Bradley Campbell and Jason Manning: "The End of Academe: Free Speech and the Silencing of Dissent"

   In July of 2015, The Chronicle published our essay suggesting that some of the manifestations of a new moral culture emerging at colleges in this country were incompatible with the traditional academic mission. Since then, it has become clear that this is so. In the last few years, activist students and faculty, sometimes with the support of administrators, have increasingly attacked the ideals of free speech.
   The new activist culture calls for colleges to confront the small, perhaps unintended slights known as microaggressions, to provide trigger warnings for course material that might offend or upset, and to become safe spaces where ideas go unchallenged. It is characterized by extreme moral sensitivity, and in this way is similar to honor cultures of the past where men were highly sensitive to insults and responded to perceived slurs against their character with duels and other forms of violence.
   The new culture is less concerned with slights against individual character than with anything perceived as furthering the oppression of victim groups. In either case, though, extreme moral sensitivity presents a problem in an academic environment.

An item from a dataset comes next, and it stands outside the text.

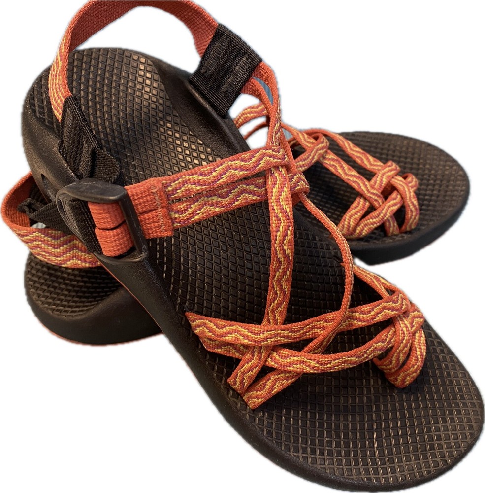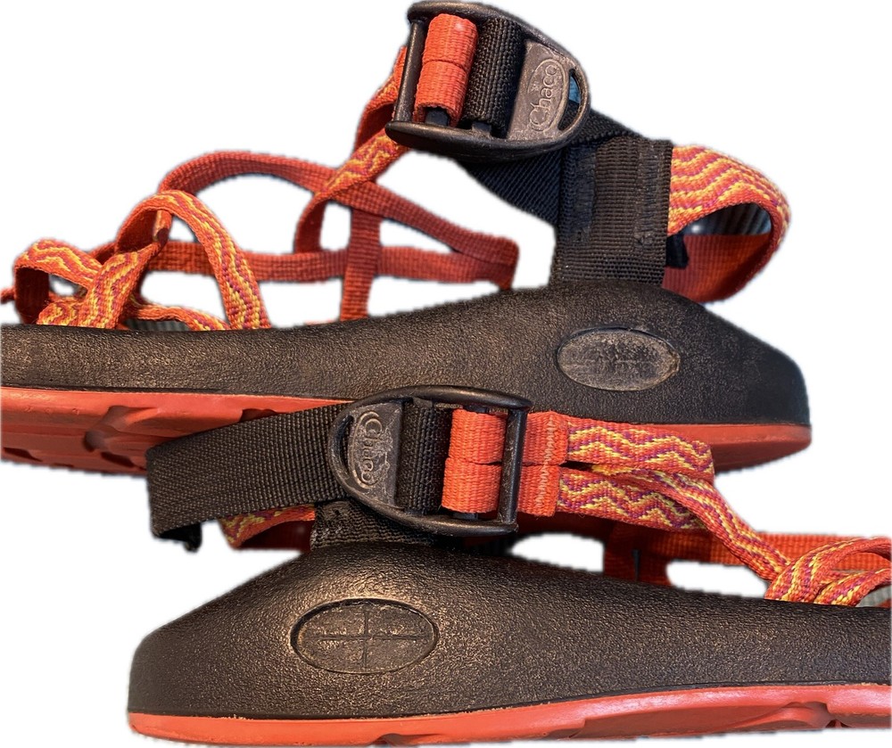 Step into summer with these stylish Chaco ZX/2 sandals in a vibrant multicolor geometric pattern. The adjustable ankle strap and flat heel make them perfect for both casual wear and activewear. These sandals feature a waterproof synthetic upper material and Chaco's signature logo accents. With a comfortable and breathable design, these sandals are ideal for the warm seasons of spring, summer, and fall. The Chaco ZX/2 CLOUD product line ensures durability and style in every step. Don't miss out on the opportunity to add these unique sandals to your shoe collection. See pictures of missing Chaco logo on side of each sandal.

As we warned, "Honest inquiry and communication are bound to offend someone," so if colleges are to be places of inquiry and communication, "they must have a climate where people are less — not more — prone to outrage than elsewhere."

1 Comments:

Anonymous Anonymous said...

Why aren't you focusing on the real problems students face? You know the ones that happen off campus or we are otherwise unable to impact meaningfully. Why on earth would you think that things that may be happening in your department are where the focus should be?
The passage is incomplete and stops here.